A sua esposa Tina, de 28 anos, juntou-se a ele, enquanto o filho Isaac, de 9 anos, permaneceu na Nigéria. “A viagem era muito perigosa, não podia arriscar a vida dele”. Agora pediram a reunificação, mas “há muitos problemas” – comenta a Irmã Anna amargamente – “também para obterem uma autorização de residência. Tudo é mais difícil para elesE. Mas eles vivem a sua vida com esperança. Assim nasceu em Trentino um menino que agora tem 4 anos e uma menina que tem um. Crianças italianas. “Ainda não, ainda não podemos”. Abraham responde com um sorriso amargo, pois está ciente das dificuldades de obtenção da cidadania para os filhos de refugiados nascidos na Itália. No entanto, ele, que era jardineiro na Nigéria, trabalha aqui num local de construção e fala italiano muito bem. Enquanto as crianças vão para as escolas de Arco.
Um acolhimento muito bem feito. As duas famílias administram-se sozinhas, graças também à contribuição pública para os ucranianos e aos fundos dos projectos do Centro Astalli. E agora com o salário dos dois pais. Um acolhimento que cresce como tomates, beringelas, cebolas, manjericões que crescem na horta do convento graças aos cuidados de Uliana, a mãe ucraniana. Frutos para partilhar, precisamente no espírito desta experiência. “Mais clausura é mais acolhimento, senão é uma prisão. Pelo contrário, a nossa vida é enriquecida com a vida desta família”, é a última bela mensagem que a Irmã Anna nos deixa.

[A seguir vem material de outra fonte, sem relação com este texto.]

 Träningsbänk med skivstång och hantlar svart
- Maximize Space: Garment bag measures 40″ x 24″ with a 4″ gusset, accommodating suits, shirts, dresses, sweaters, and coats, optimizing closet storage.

“O projecto Centro Astalli”
O projecto do Centro Astalli de Trento para o acolhimento nas ordens religiosas nasceu em 2016 “após o apelo do Papa Francisco para abrirmos as portas, uma escolha reforçada após os chamados «decretos de segurança» e os efeitos negativos produzidos”. É assim que explica o presidente do Centro Astalli, Stefano Graiff, o significado da iniciativa que envolve actualmente seis ordens religiosas: Jesuítas, Capuchinhos, Missionários Combonianos, Dehonianos, Canossianas e Servas de Maria, e em Setembro também os Franciscanos.
Actualmente abrigam 57 imigrantes, africanos e paquistaneses, além de 11 ucranianos (duas famílias). Recepção ampla, pequenos grupos. Todos são requerentes de asilo. Mas pode haver muitos mais.

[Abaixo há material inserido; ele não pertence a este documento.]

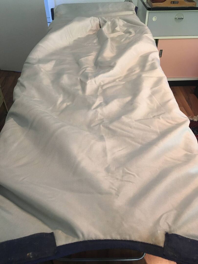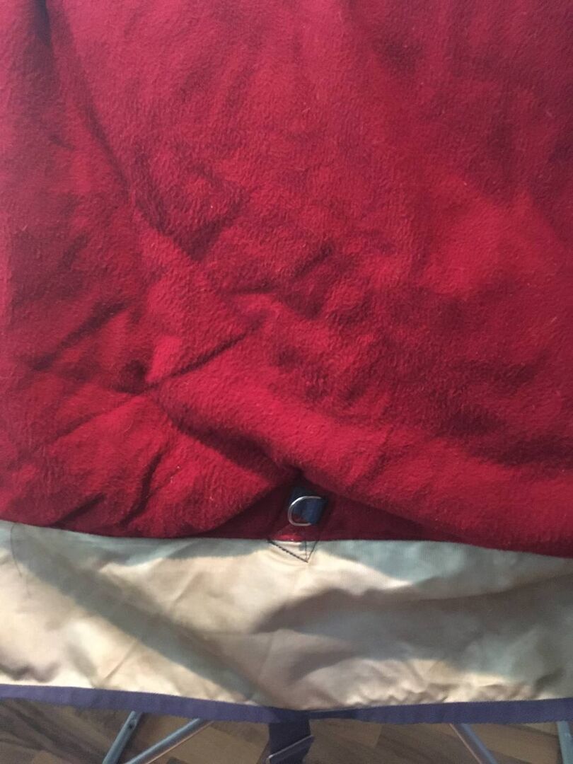 Die Decke hat kein einziges Loch oder Ratscher, ist absolut wasserdicht und in einem insgesamt gutem und ordentlichem Zustand. Alle Schnallen sind in glänzendem Zustand. Sie wurde regelmäßig professionell gereinigt und imprägniert und kommt so gut wie haarfrei, auch in den Klettverschlüßen. Alle Gebrauchsspuren sind weiter unten genau aufgelistet.
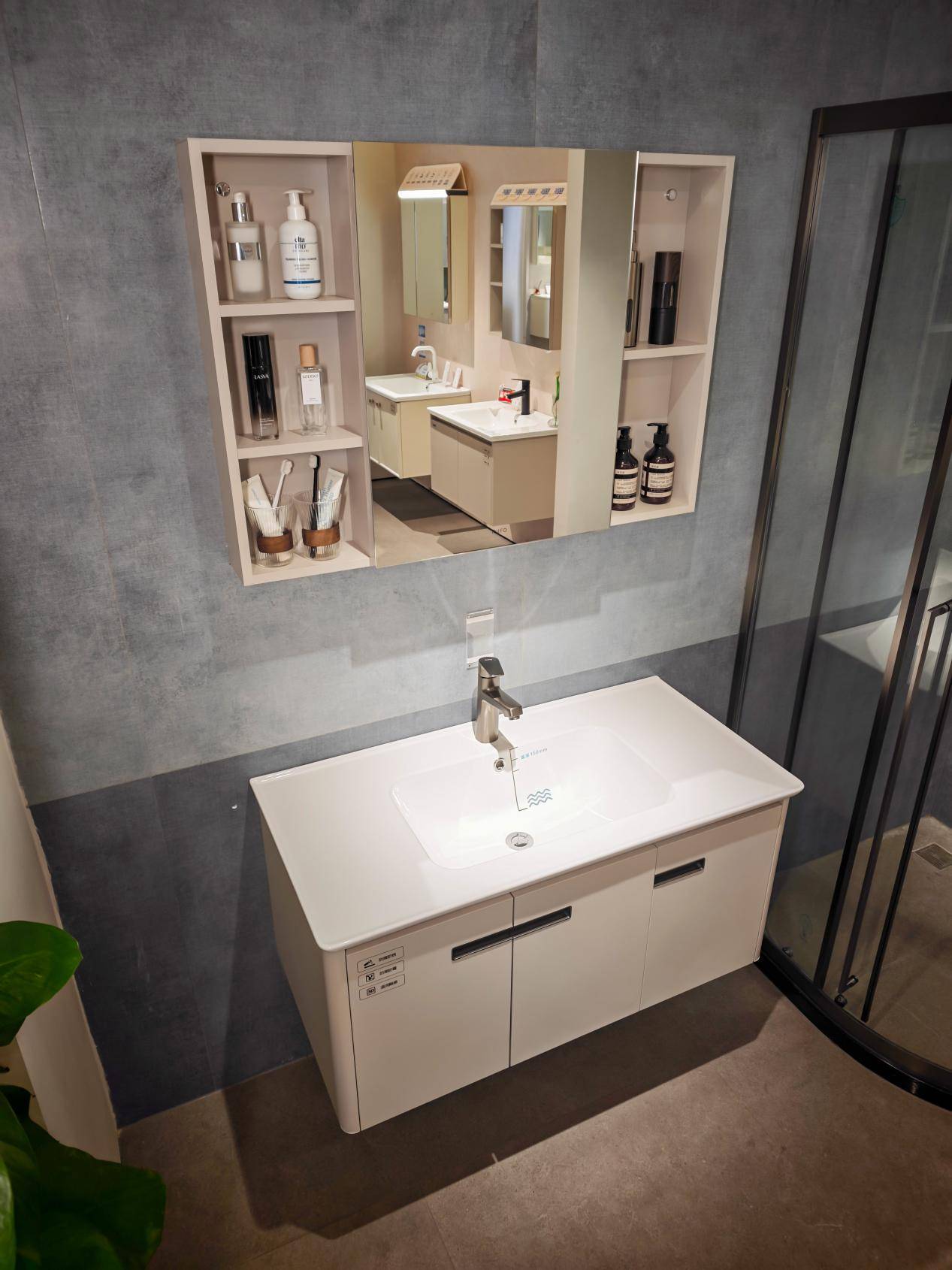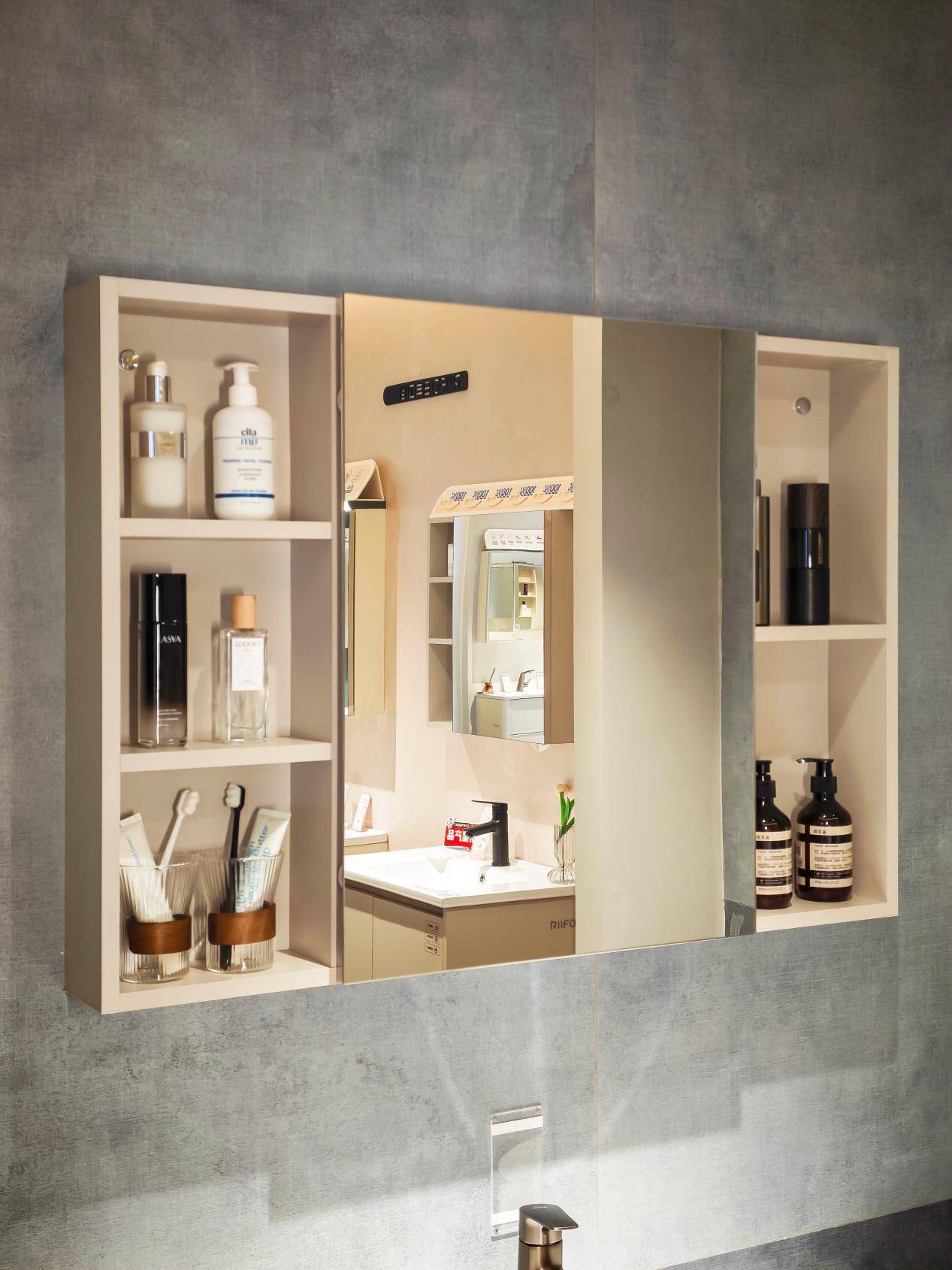 现代浴室柜的收纳核心已从地柜转向镜柜。以日丰卫浴金钢木浴室柜为例,其镜柜内部采用了精密的“美妆镜背收纳系统”。

Como explica o director do Centro Astalli, Stefano Canestrini, “desde o início do ano, mais de 200 paquistaneses chegaram da fronteira de Gorizia. Cerca de 97 deles vivem na rua porque as consultas na Esquadra para solicitar asilo demoram. E sem pedido, não se pode ser aceite. Ainda assim haveria lugares”, queixa-se.

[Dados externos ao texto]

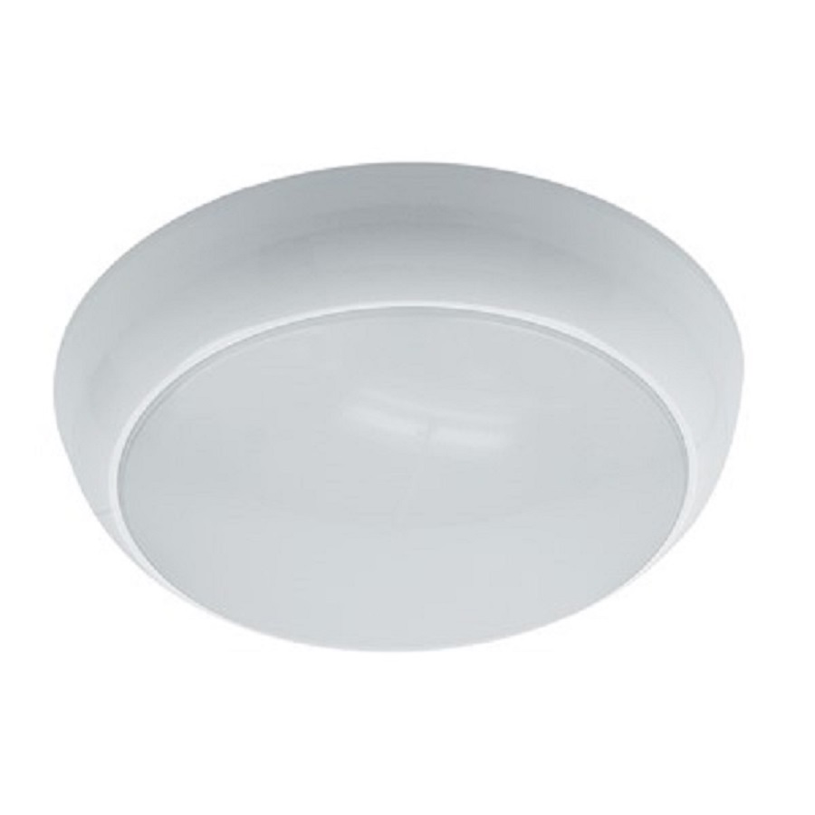 Contemporary oyster light in white trim with an acrylic lens, made from polycarbonate, electronic driver included in the base.
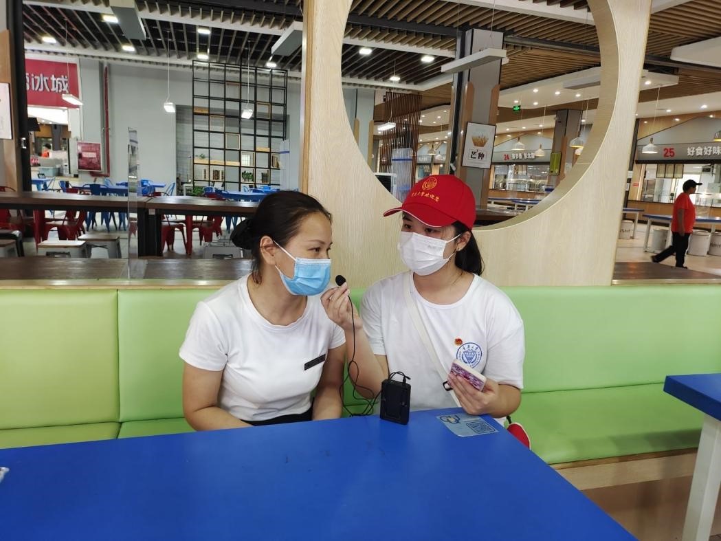 党委书记欧玲、党委副书记魏世平、团委书记汪俣婧等领导老师进行了院校的防疫政策咨询。除此之外,实践团还对2020级本科学生王颖和校园内第一食堂的食品安全员叶春明等工作人员进行了随机采访,从各个层面深入了解98堂

De facto, para além das ordens religiosas, existe toda uma rede de associações que já acolhe mais de 400 requerentes de asilo. E o que também preocupa é esse fluxo anómalo de paquistaneses nos últimos meses, todos vindos da rota dos Balcãs e todos com destino a Trento. Sabendo bem para onde ir. Suspeita-se de uma organização que gere este fluxo, mas também o subsequente recrutamento de postos de trabalho. Trabalho escravo ou ilegal, exploração de empregadores paquistaneses e trentinos. Principalmente no sector do turismo. Hipótese sobre a qual está a trabalhar o Ministério Público de Trento.
Artigo de Antonio Maria Mira, publicado em Avvenire a 30 de Junho de 2022.